Not surprising then he spends considerable time on causation – what causes what, what is primary, what is secondary and what is ‘higher’ and ‘lower’, what is an ‘operation’ what is a ‘state’.

His method is famously rigorous: three or four well sourced views on a theme, his own judgement and an answer to the opening views.

I think he quite carefully integrates a humanist perspective with a religious one. At times he acknowledges tantalisingly what ‘would’ be the case if there was no God – Aristotle ‘would’ be right on human happiness for instance he says.

After Aristotle, he concurs that our ‘end’ is indeed happiness. But we achieve happiness imperfectly in our mortal lives. We achieve it most in contemplation. In contemplation of what though?

For Aquinas, of course, that would be God. But contemplation of God is, he acknowledges, tricky. Not least as He is infinite and Our reason is finite. We’re snookered from the off.

What to do? It could be worse. Animals are even further from God than we are. They lack our intellect and capacity for reason and thought and so can’t contemplate God at all.

Aquinas explicitly acknowledges that nature has fitted us and animals with desires and emotions to further our own survival and that of our species – positively Darwinian. But they are ‘beneath’ us and we are a rung down from – you guessed it – Angels.

God tops Angels of course, but each in the chain comes closer to ‘perfection’ and achieves ‘happiness’ most by ‘touching’ the one above.
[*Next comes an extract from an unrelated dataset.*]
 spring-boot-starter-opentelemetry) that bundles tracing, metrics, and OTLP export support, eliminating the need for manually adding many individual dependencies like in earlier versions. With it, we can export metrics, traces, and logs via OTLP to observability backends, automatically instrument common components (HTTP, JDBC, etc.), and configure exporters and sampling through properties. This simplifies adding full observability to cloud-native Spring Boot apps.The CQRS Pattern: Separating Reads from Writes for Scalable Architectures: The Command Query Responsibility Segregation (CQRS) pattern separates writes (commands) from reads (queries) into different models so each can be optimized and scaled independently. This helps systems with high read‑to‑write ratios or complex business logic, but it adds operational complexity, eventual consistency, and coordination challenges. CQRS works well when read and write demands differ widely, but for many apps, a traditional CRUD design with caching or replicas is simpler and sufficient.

I’m not sure how many farm animals would agree they are ‘perfected’ and happier ‘touching’ humans. Perhaps a well trained sheepdog. But we humans can attain greater happiness in the use of our more ‘perfect’ power, namely contemplation. And among the things we can happily contemplate are Angels.
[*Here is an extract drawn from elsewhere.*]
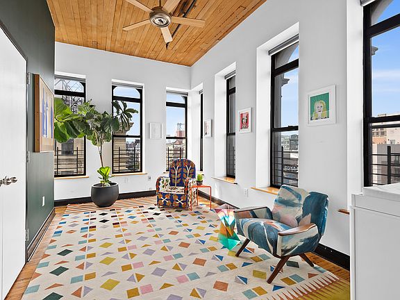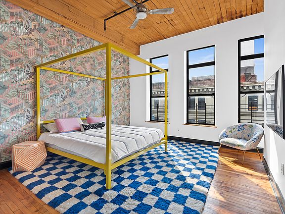 Let your visionary self come out to play at 5E in the Smith-Gray building on Williamsburg's thriving yet tranquil South Side, and please contact Compass listing agent to show. Entering through a generous foyer, you are greeted in the main living area by the breadth and height of this classic pre-war condo Loft. Eleven and a half foot ceilings and sixteen massive arched windows capture the northwest glow that floods this warm, creative home with light throughout the day. Cast iron columns and a unique wooden ceiling amplify the aesthetic, and the floor plan provides generous capacity for living and dining areas... with room to spare. The customized open kitchen with island has white walnut cabinetry, stainless steel backsplash, and granite counter tops, with a surplus of storage and cooking space. Three large bedrooms line the western wall of the home and the master has an en suite bath and substantial walk in closet. A second full bath, more closets, and utility room are situated in the entry foyer. This quintessential loft home has central heat and air, and is on the fifth floor of a landmarked elevator building. The Smith Gray is an historic cast iron structure that has laundry on each floor, bike and extra storage, a roof deck with 360 degree views of Manhattan and Brooklyn, and a full-time superintendent. The location can't be beat; at the intersection of Bedford Avenue and Broadway, you have shops, dining, entertainment and amenities galore. The JMZ is a few blocks away, as is the new ferry stop. You are also just a few blocks away from the area's new gem, Domino Park. Loft's of this size and style rarely come on the market! Please reach out to the seller's agent to have a private showing of this special, iconic home.

Now this is a thought I can honestly say I have never had. Beyond the one on top of the Christmas Tree and my daughter in the school nativity, I have never spent any time contemplating Angels. Perhaps I should?

But the point I take from Aquinas and Angels is this: contemplation, seeing beauty around us and perfecting and developing our human capacities, skills and aptitudes is where Earthly happiness lies.

Csikszentmihalyi comes to mind. As I said to someone last weekend it’s all about adding ‘relevant complexity’ to our lives and personalities.

And I think this is what Aquinas is getting at too. A life of virtue, self-improvement and integration of the body, soul and mind might mean at the end of it all, the ‘bottled essence’ of us – probably in frail and wizened form – is a shimmering soul ‘touching’ that of an Angel.